WellPoint enjoys the exclusive right to market products under Blue Cross Blue Shield Association (BCBSA), the most recognized brand in the industry. Additionally, the company significantly remains focused on the ability of health plans to deliver competitive medical costs.

With over 34 million members, WellPoint is a dominant player in its entire 14 Blue Cross and Blue Shield state markets, and its ability to access the provider networks of any other BCBS plan across the US further reinforces WellPoint’s competitive strength against its arch rivals such as Aetna Inc. (AET), Humana Inc. (HUM) and UnitedHealth Group Inc. (UNH). Although membership is expected to be sluggish in the second half of 2011, management expects a significant improvement in new memberships beginning 2012, which is encouraging.

WellPoint has further strengthened its portfolio through the recent acquisition of a privately held Medicare specialist–CareMore Health Group–in order to expand its presence in the US government program for the elderly. While the acquisition will help WellPoint penetrate deeper into the integrated and individualized health care markets of California, Arizona and Nevada, the deal is expected to break-even in 2012 and add to earnings from 2013 onwards.

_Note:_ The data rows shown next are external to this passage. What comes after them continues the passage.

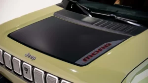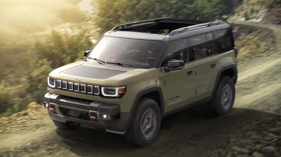 Ndërsa mund të mos ketë një motor me djegie nën kapakun e motorit, grila me shtatë vrima e Jeep mbetet, me secilën prej tyre të ndriçuar. Dritat LED të ditës në formë U-je kornizojnë dritat LED.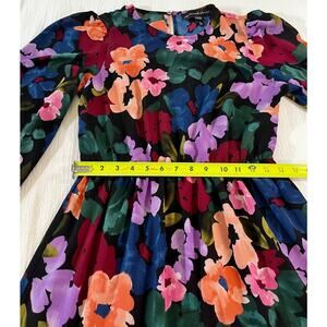 Clover and Sloane Long Sleeve Tiered Midi Black & Floral Dress Women's US 4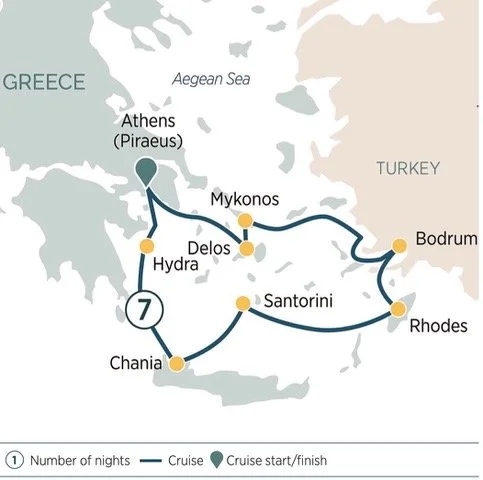 9 DAYS • 20 MEALS Your Greek and Turkish cruise commences and concludes in Athens, a city harmonizing ancient history and contemporary lifestyle. Along the way, discover the mythological allure of Delos and Mykonos. See the Cave of the Apocalypse in Hydra, Chania, Rhodes, and ancient city of Bodrum, Turkey. Enjoy stunning beaches and vibrant markets in colorful Santorini and wander the quaint cobblestone streets of Paros.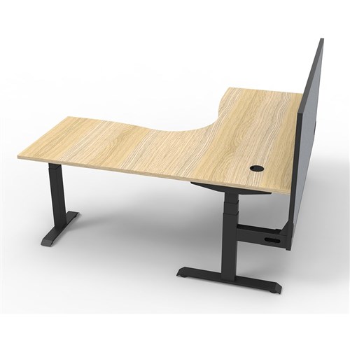 The entire Boost+ range has now been performance tested and is compliant to the AFRDI standards for general safety, strength, durability and stability in all sizes and configurations based on AS/NZS 4442:201. Unit Dimension:1500mm W x 1500mm W x 750mm D x 620mm - 1270mm H. Includes pinnable privacy screen in grey fabric with matching black powder coated frame. 900mm H x 30mm T. Smooth and quiet adjustment at 38mm per second. Digital control panel with 3 pre-set positions, LED display panel, keypad safety lock and reminder alarm setting. Natural Oak coloured worksurface with 750mm depth top. 50mm D scallop cut out to rear. 140kg weight loading capacity. Dual Motor 3 stage motorised legs. Corner Workstation with Screen. 10 Year Manufacturer's Warranty. Delivery, installation and assembly charges may apply to furniture. Please enquire to confirm.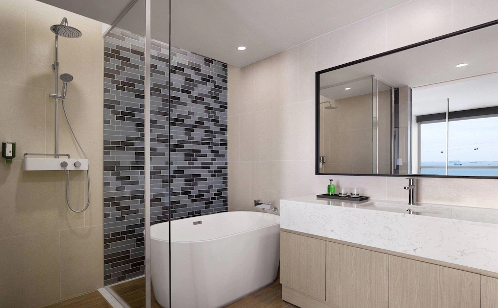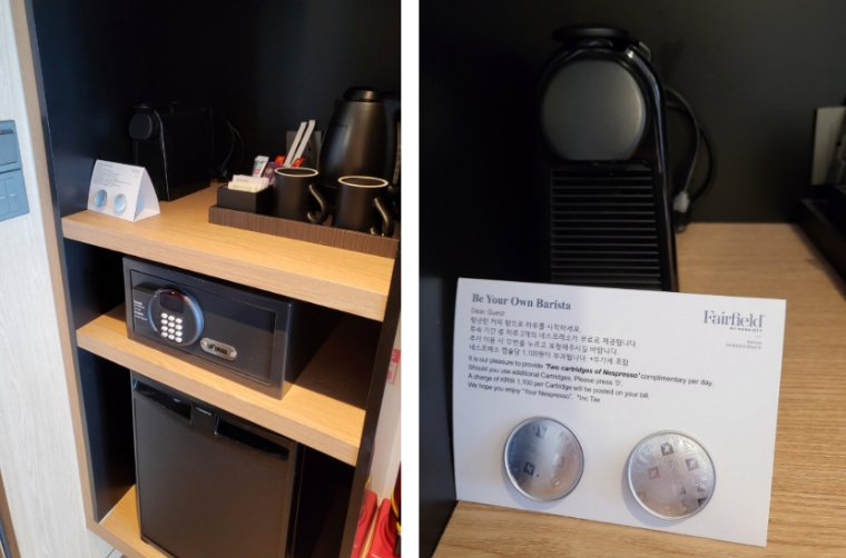 커피스틱과 커피2종류 티 3종류 비치되어 있고 욕조는 없어요ㅠㅠ 공간이 좁아 의도한 인테리어인지 화장실과 샤워부스가 ㄱ자로 되어있어 사용시 문이 하나라 화장실 샤워부스 쪽 문을 화장실 사용시 그 문을 닫아서 사용해야 해서 한 사람이 샤워 시 룸메가 화장실 사용 또는 룸을 나가기에는 불편한 구조에요 호텔 앞 산책로와 스카이워크 구경갔어요 다시 오고싶은 호텔입니다 추천~~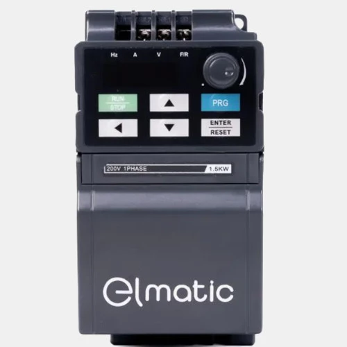 Falownik ED220-0R745G-C Elmatic dedykowany do współpracy z trójfazowymi asynchronicznymi silnikami indukcyjnymi o mocy 0,75 kW. Przemiennik częstotliwości 0,75 kW ED2000 zasilany jest napięciem 1x230 VAC o częstotliwości 50-60 Hz. Producent podaje częstotliwość wyjściową na poziomie 0,1...320 Hz. Prąd wejściowy tego przetwornika szacowany jest na poziomie 7,2A, natomiast prąd wyjściowy oscyluje wokół 4,5A. Inverter ED220-0R75G-C dysponuje następującymi trybami sterowania: bezczujnikowe, wektorowe, skalarne U/f. Falownik Elmatic ED220-0R75G-C został wyposażony w prosty PLC, posiada 6 wejść binarnych w tym 1 szybkie 100 kHz, 1 wejście analogowe prądowo-napięciowe, 1 wyjście cyfrowe, 1 wyjście przekaźnikowe oraz 1 wyjście analogowe prądowo-napięciowe. Przemiennik posiada również wbudowany filtr EMC. Komunikacja w tym przetworniku odbywa się protokołem Modbus RTU po RS485. Producent zaleca stosowanie rezystora hamowania o mocy 80 W i rezystancji 150 Ohm. W przypadku 1-fazowego falownika ED220-0R75G-C Elmatic proponuje wykorzystanie stycznika 12A, różnicówkę 16 A oraz przewód o przekroju 0,75mm2. Obudowa przetwornika ED220-0R75G-C została wykonana z tworzywa i cechuje się stopniem ochrony IP20 oraz montażem naściennym. Wymiary 1-fazowego falownika 0,75 kW ED2000 wynoszą 72x142x152 mm.
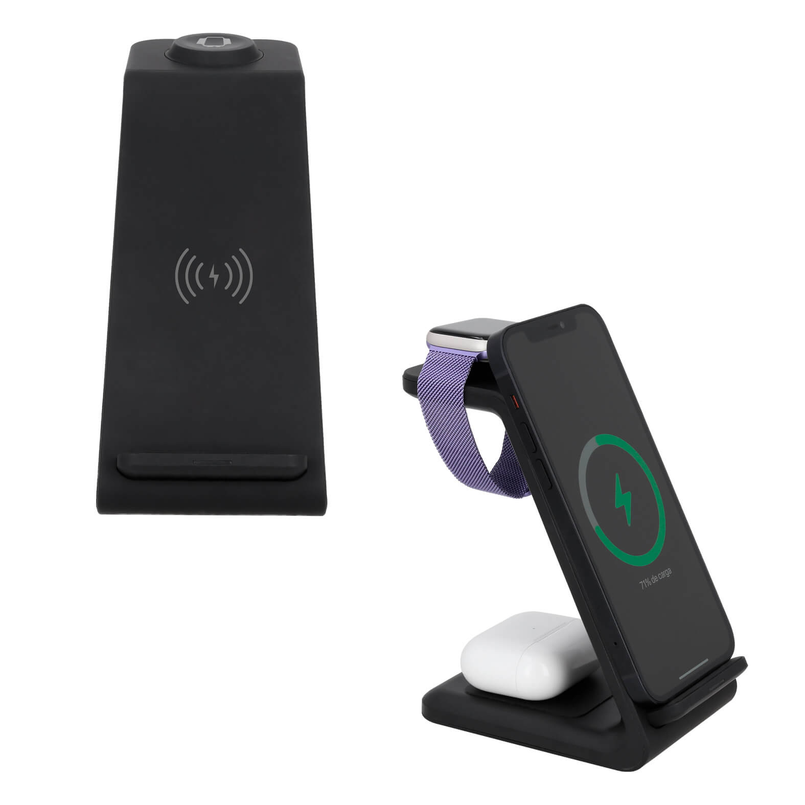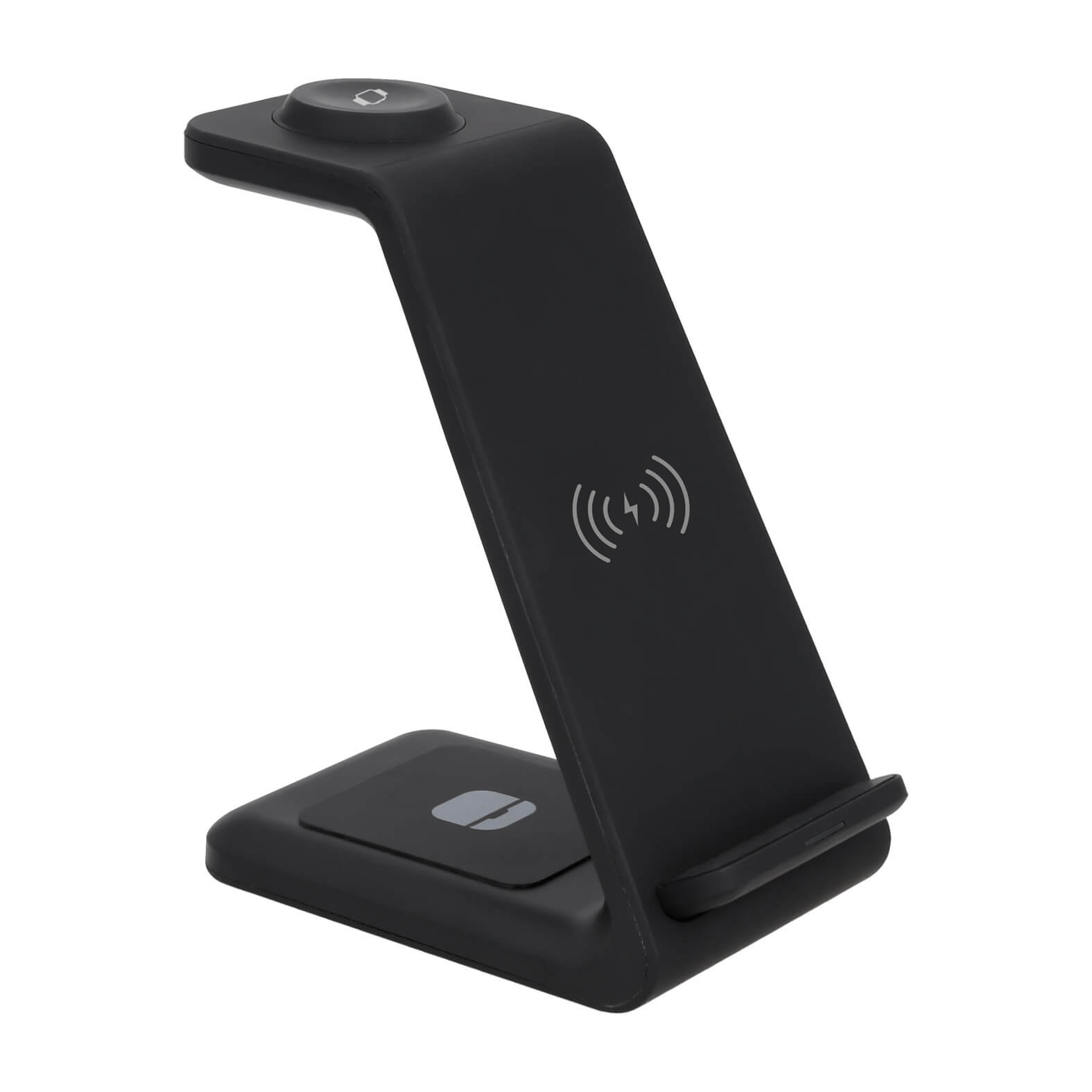 Wireless charger 3 en 1 para smartphone, audífonos y reloj inteligente. Incluye cable de carga tipo C. (Compatible para dispositivos con tecnología Qi).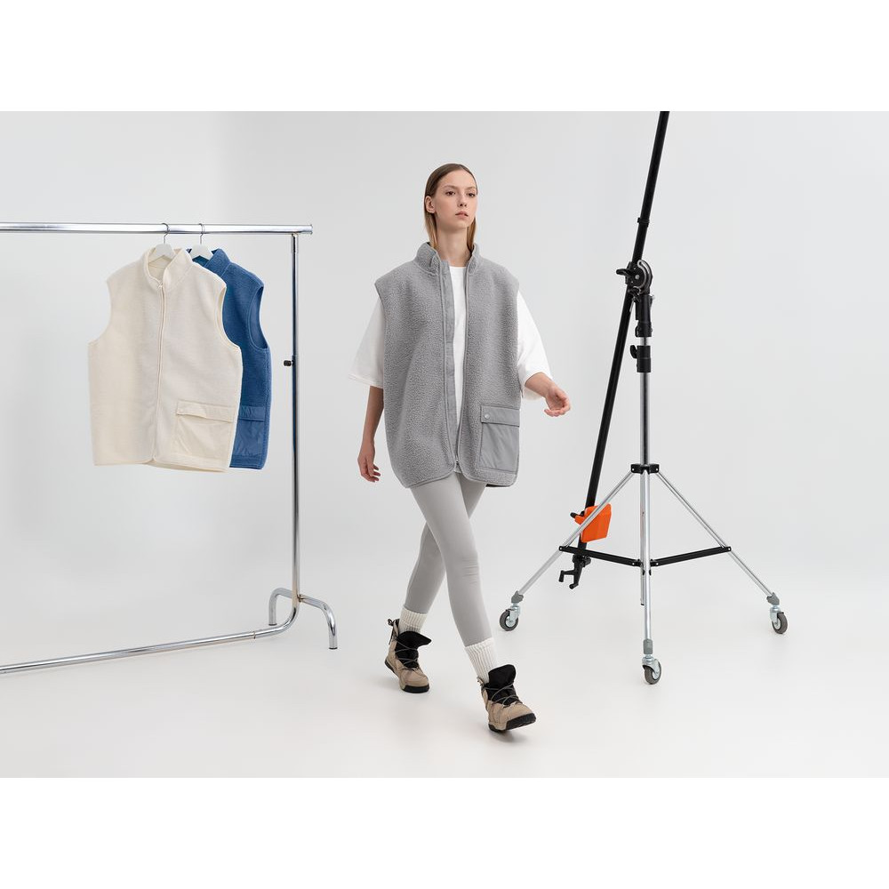 Жилет на молнии из современного двухслойного материала — модный искусственный мех снаружи и уютный флис внутри. Накладной карман из гладкого нейлона создает заметный визуальный контраст и делает жилет Oblako по-настоящему стильным предметом гардероба.

WellPoint has been witnessing substantial earnings growth over the past few quarters, spurred by membership gains, improvements in operating cost structure, strategic acquisitions and capital transactions. These have also helped in boosting the company’s operating cash flow, which has fueled cash dividends and stock repurchases. Additionally, a stable ratings outlook on the financial strength and other debt bodes well for WellPoint’s long-term growth.

On the flip side though, the recent $1.1 billion debt primarily raised to fund the recent CareMore acquisition has further escalated WellPoint’s debt-to-capital ratio to about 30%, thereby raising the financial leverage risk. Although the company’s debt-to-capital ratio is still within the targeted range of 25% to 35%, as indicated by bank covenants, it stands higher than the average for the health and managed care sector. We believe higher debt could further weaken the financial leverage and weigh on the company’s capital position and borrowing costs.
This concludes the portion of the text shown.